第108話 死んだら笑ってほしい

 先日、同僚の旦那さんが亡くなったので、お葬式に参列しました。セレモニー会場の入り口で記名して中に入ると、テニスコートほどの大きさの会場内には8人程度が掛けられる長椅子が2列に並べられており、Tシャツの人から黒スーツの人まで様々な服装の人が椅子に座って話しています。前方中央には大きな故人の写真。その上にはスクリーンが用意されており、家族とのスライドショーが流されていました。僕は一番うしろの席の端に座って式が始まるのを待ちます。


 時間になると前の席に座っていた一人が前方左手の教壇の前に行き、おもむろに式が始まりました。まずはお祈りから。そして、お祈りが終わると前方の席から一人、また一人と教壇へ向かい、故人との思い出を語り始めました。故人の姉妹、甥、姪、いとこ、そして、母親と次々と思い出を語っていきます。

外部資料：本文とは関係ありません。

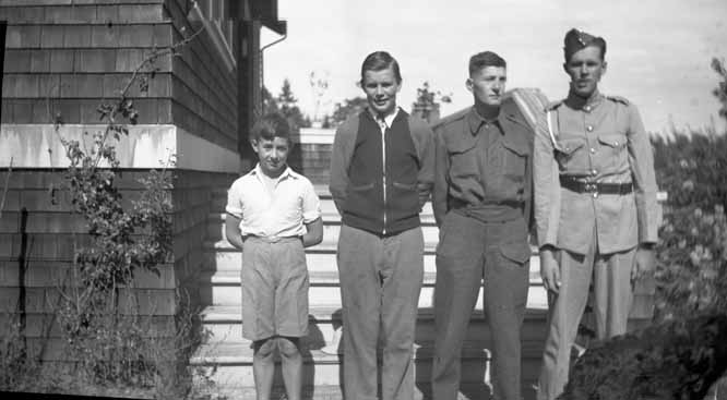 Louis Drake (1929-1987), Colvin Drake (1924-1992), Bruce Drake (1923-1943) in his Scottish battalion uniform and Vernon Drake (1921-2013) in his WWII Canadian Forces uniform.
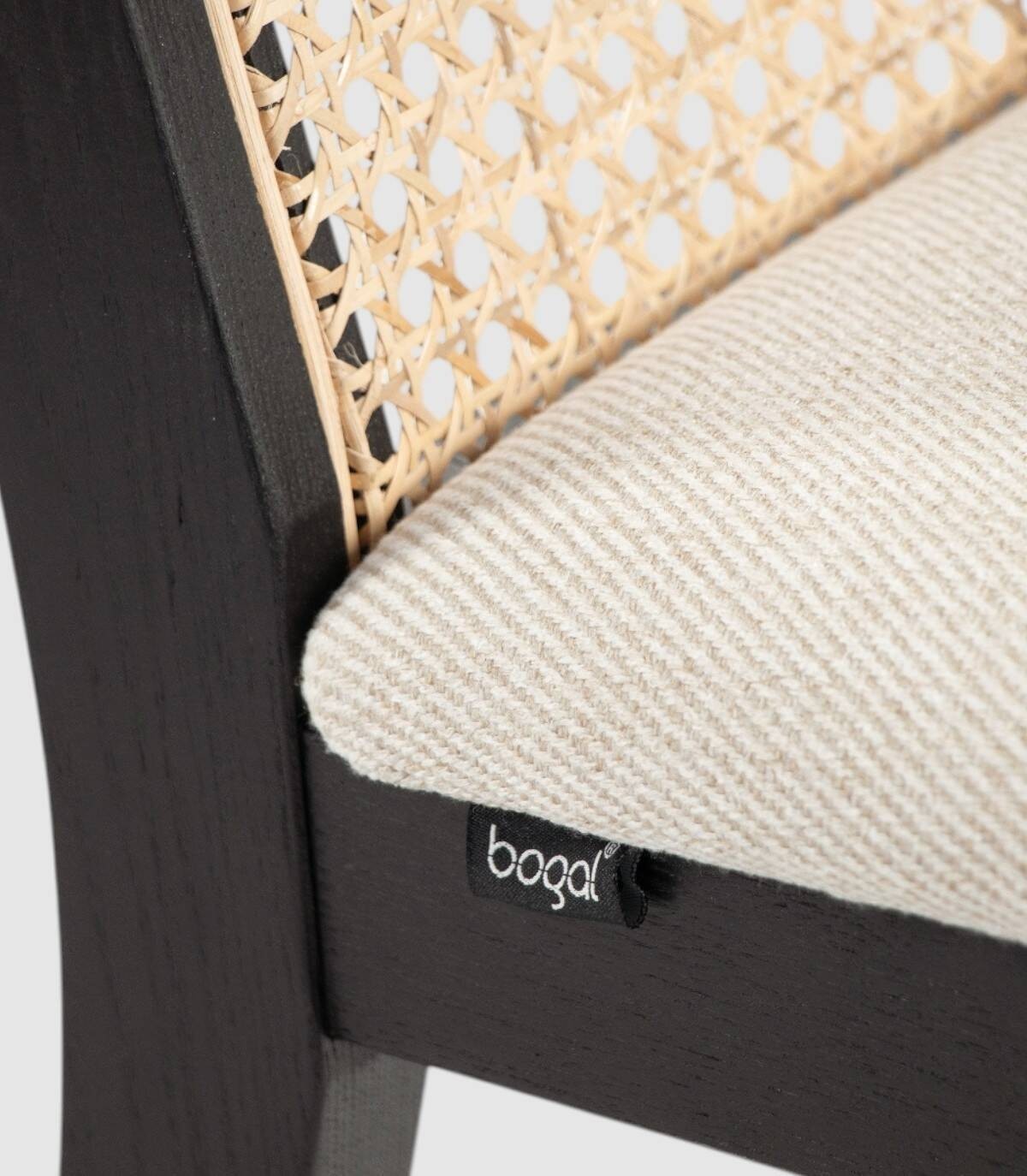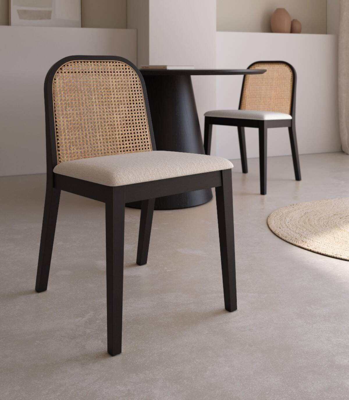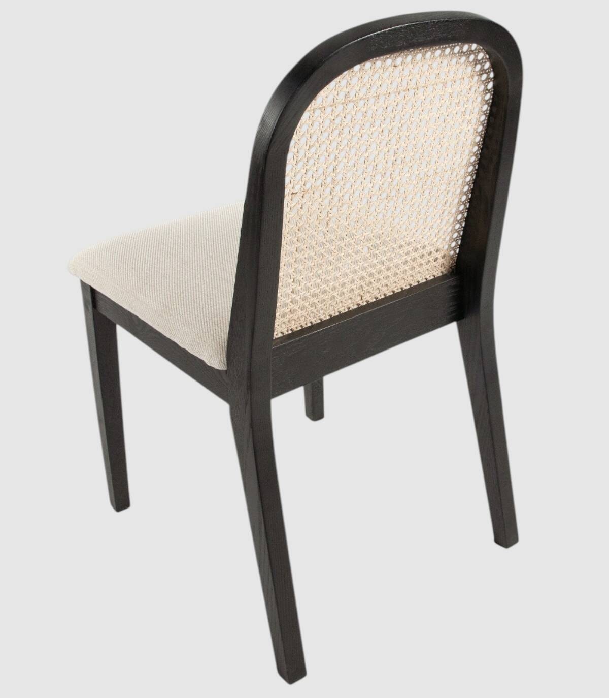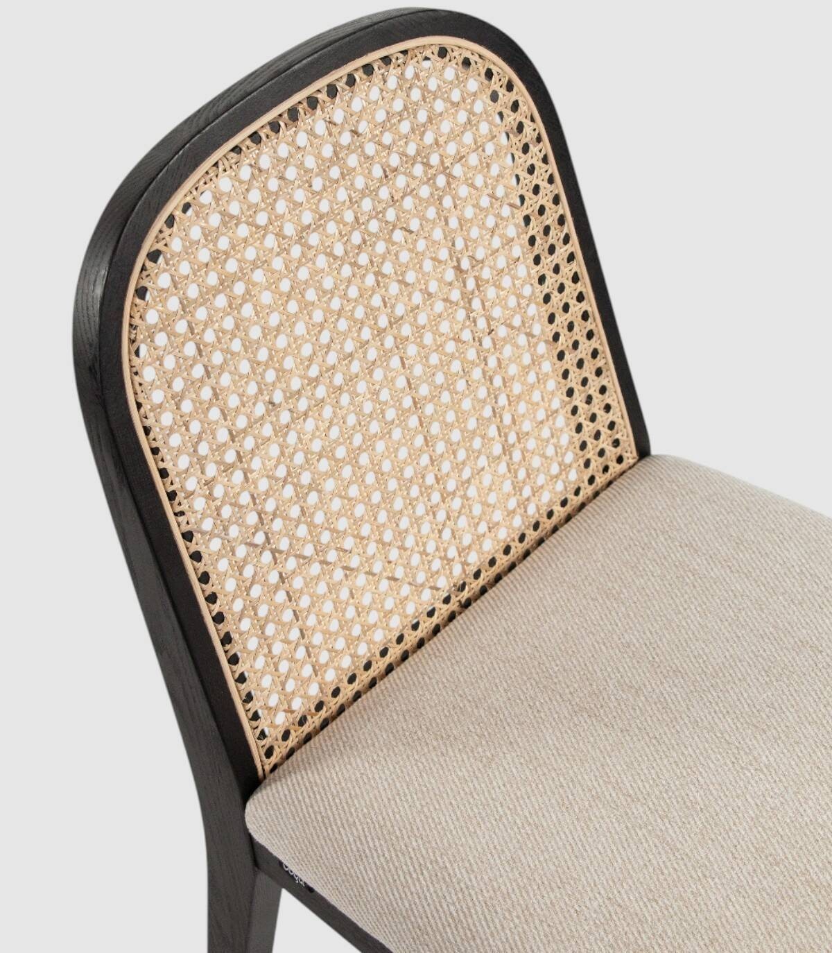 Read moreShow lessIt is made up of an upholstered seat, a natural wicker and wood backrest, and black ash-coloured wooden legs.
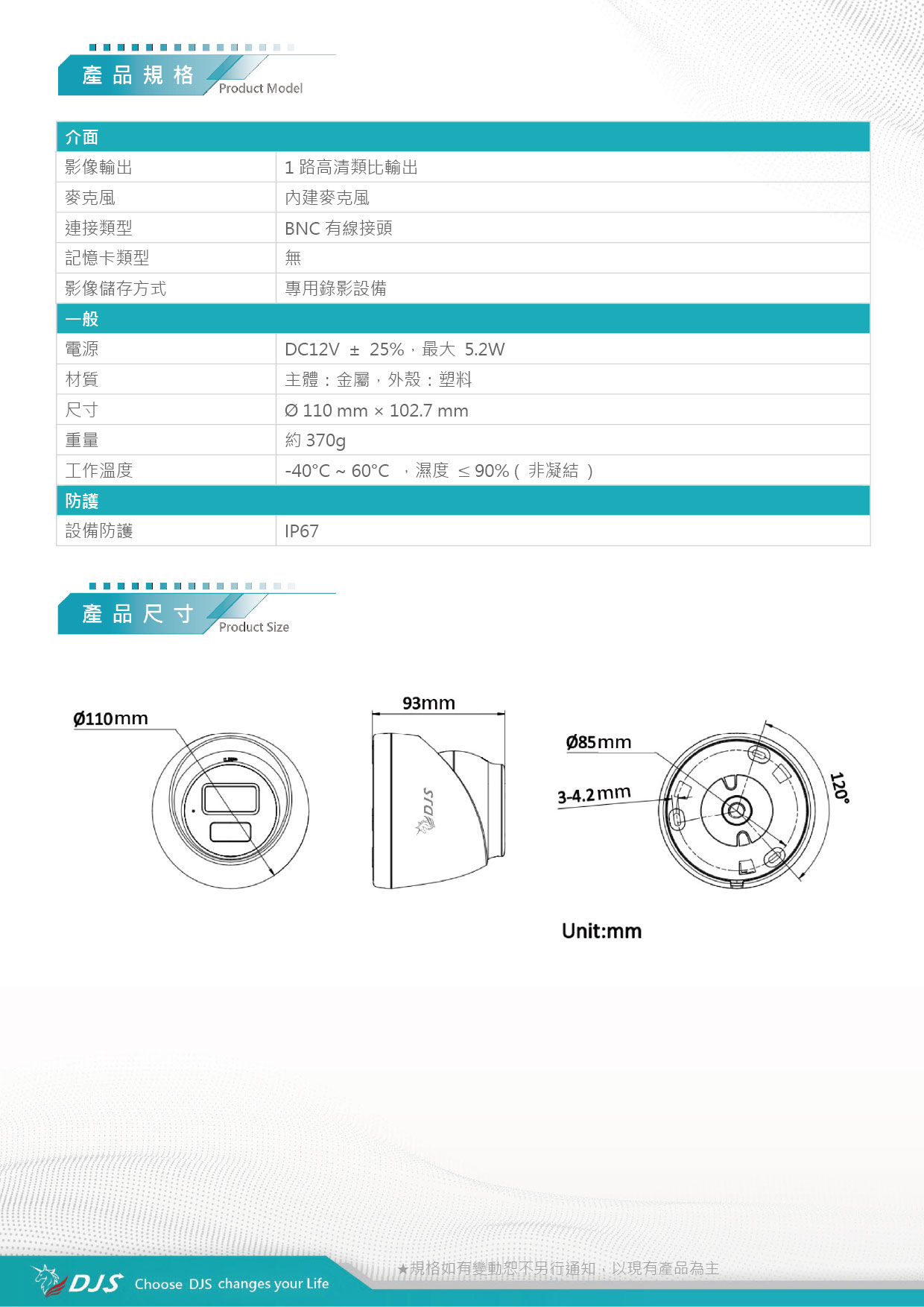 | 尺寸 | Ø 110 mm × 102.7 mm | |||
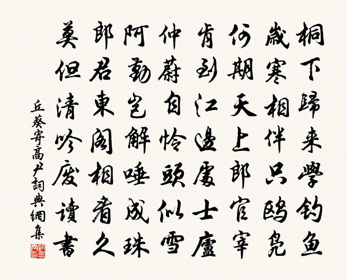 詩詞名句歷史字典書法欣賞書法字典國語詞典說文解字康熙字典古漢語字典標 題 作 者 詩 句 寄高尹作者:丘葵 朝代:宋代寄高尹原文桐下歸來學釣魚,歲寒相伴只鷗鳧。何期天上郎官宰,肯到江邊處士廬。仲蔚自憐頭似雪,阿勤豈解唾成珠。郎君東閣相看久,莫但清吟廢讀書。詩詞問答問:寄高尹的作者是誰?答:丘葵問:寄高尹寫於哪個朝代?答:宋代丘葵寄高尹書法欣賞寄高尹書法作品詩詞推薦八月十四夜趙處澹〔宋代〕洲渚雲飛盡,江流碧映天。明朝秋欲半,今夜月先圓。玉宇濃垂露,銀河冷墜煙。焦桐彈一曲,孤鶴舞風前。南野暮鎔鄭瀛〔宋代〕村南野老亦多伎,兩鬢鬔松狀如鬼。嬴顛秦蹶了不聞,一心只向紅爐裹。風鞴在手金在鎔,等閒變化天無工。日暮春日早朝應制戴叔倫〔唐代〕仙仗肅朝官,承平聖主歡。月沈宮漏靜,雨濕禁花寒。丹荔來金闕,朱櫻貢玉盤。六龍扶御日,只許近臣看。武林書事九首方回〔宋代〕金石典古呂伯可,風霜清聳方巨山。尚見八音合韶樂,早能九鼎象神奸。黃鶯貫休〔唐代〕一種為春禽,花中開羽翼。如何此鳥身,便是黃金色。黃金色,若逢竹實終不食。夜句三首陳師道〔宋代〕短短長長柳,三三五五星。斷雲當極目,不盡遠峰青。賀岷州守種誼破鬼章二首游師雄〔宋代〕圍合洮州敵未知,煙雲初散見旌旗。忽驚漢將從天下,始恨羌酋送死遲。江行早發齊己〔唐代〕舟子相呼起,長江未五更。幾看星月在,猶帶夢魂行。鳥亂村林迥,人喧水柵橫。蒼茫平野外,漸認遠峰名。天柱杜范〔宋代〕削成一柱是何年,屹立當空更不偏。我欲借渠成大廈,少陵此意久無傳。西軒同諸君探題得奩韓維〔宋代〕簡素與夙尚,提攜得茲器。春芳席餘紅,夏木蔭初翠。酣游性所適,甘脆略雲備。獨愧顏氏子,終朝守簞食。閒思陸游〔宋代〕畢世為農不復疑,還東六見歲陰移。閉門旋了和詩債,賣藥不償沽酒資。意倦投床效龜息,齒疏嚼飯類牛齝。兀然上已呈嚴叟葛天民〔宋代〕時俗常談已斷霜,雨寒翻著絮衣裳。花枝照眼堂堂去,茗碗關心故故香。楊柳稍傳鶯割據,茅茨敢望燕商量。舊遊游水東諸洞次同游韻二首劉克莊〔宋代〕舊聞岩洞勝,欲往自髫年。聳秀過靈隱,幽深似善權。遠環州堞外,近獻屋檐邊。儻有登臨約,甘為子執鞭。松屋釋文珦〔宋代〕試問青松若個栽,僧門只向樹邊開。月明定有仙人過,露滴頻聞野鶴回。千歲老根成虎魄,幾尋枯乾裹莓苔。住來送沈侍郎貫休〔唐代〕從知無遠近,木落去閩城。地入無諸俗,冠峨甲乙精。山多高興亂,江直好風生。儉府清無事,唯應薦禰衡。送劉虛白二首歐陽修〔宋代〕我嗟韁鎖若牽拘,久羨南山去結廬。自顧豈勞君借譽,偶然章服裹猿狙。示徒釋印肅〔宋代〕未得塵勞息,須依善知識。若肯慈悲學,發願施心力。入泥併入水,莫作閒戲劇。揚眉動目庭,法身無窮極。於中偶書楊簡〔宋代〕無聲之樂聞四方,純德孔明即就將。哀樂相生不可見,衾衾非燠箑非涼。秋毫莫大泰山小,殤子上壽彭祖夭。入門次韻朱晦翁十梅嶺梅王炎〔宋代〕北枝未春風,南枝先暖雪。吹香只自憐,驛使音塵絕。鄴都懷古劉滄〔唐代〕昔時霸業何蕭索,古木唯多鳥雀聲。芳草自生宮殿處,牧童誰識帝王城。殘春楊柳長川迥,落日蒹葭遠水平。一望名句推薦握手經年別,驚心九日霜。妙信《九日酬諸子》 把酒對斜日,無語問西風。楊炎正《水調歌頭·把酒對斜日》 新啼痕壓舊啼痕,斷腸人憶斷腸人。王實甫《十二月過堯民歌·別情》 夫君子之行,靜以修身,儉以養德。諸葛亮《誡子書》 何處飛來林間鵲,蹙踏松梢微雪。辛棄疾《賀新郎·把酒長亭說》 彩舟載得離愁動。無端更借樵風送。賀鑄《菩薩蠻·彩舟載得離愁動》 此後錦書休寄,畫樓雲雨無憑。晏幾道《清平樂·留人不住》 鳥飛千白點,日沒半紅輪。白居易《彭蠡湖晚歸》 道可道,非常道;名可名,非常名。劉安及其門客《淮南子·道應訓》 數點雨聲風約住,朦朧淡月雲來去李冠《蝶戀花·春暮》
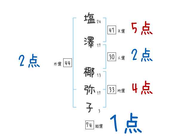 天運![]() | 塩澤椰弥子さんの天運は41画の5つ星!大志を抱き、目標に向かって実力を発揮し達成する。温和な性格。 家系が持つ宿命的な運勢を表します。祖先から受け継いだ苗字ですので自分の力が及びません。家柄を象徴します。 |

 ――そして、その誰もが会場の笑いをかっさらっていくのです。


「……おじは僕の骨を折りました」の一言から始まるエピソード。その次は「車いじりが好きだから脱臼もなおせるんじゃね?」と小指が異常な方向に曲がった孫が群がって怯えさせた話。極めつけは「皆さん、もう自己紹介もいらないと思いますが、私があの(お名前)の母です」と自己紹介だけで沸かせる母親。そして、披露したのがJCPenney(アメリカの百貨店)でお姉さんの足をなでる故人の幼少期……。


 僕はあっけにとられました。


 良いのか、これで。

 いや、良いんだ、これで。


 話している本人も参列者も笑い、そして、大好きな人だったと言って泣く。僕は打ちのめされました。会ったこともない同僚の旦那さんのお葬式で、掘ったら出てくるバカみたいな話に。温かい会場の雰囲気に。笑い話をするお母さんの姿に。親族が涙を流すなか、最後まで涙を見せないお母さんの姿勢に。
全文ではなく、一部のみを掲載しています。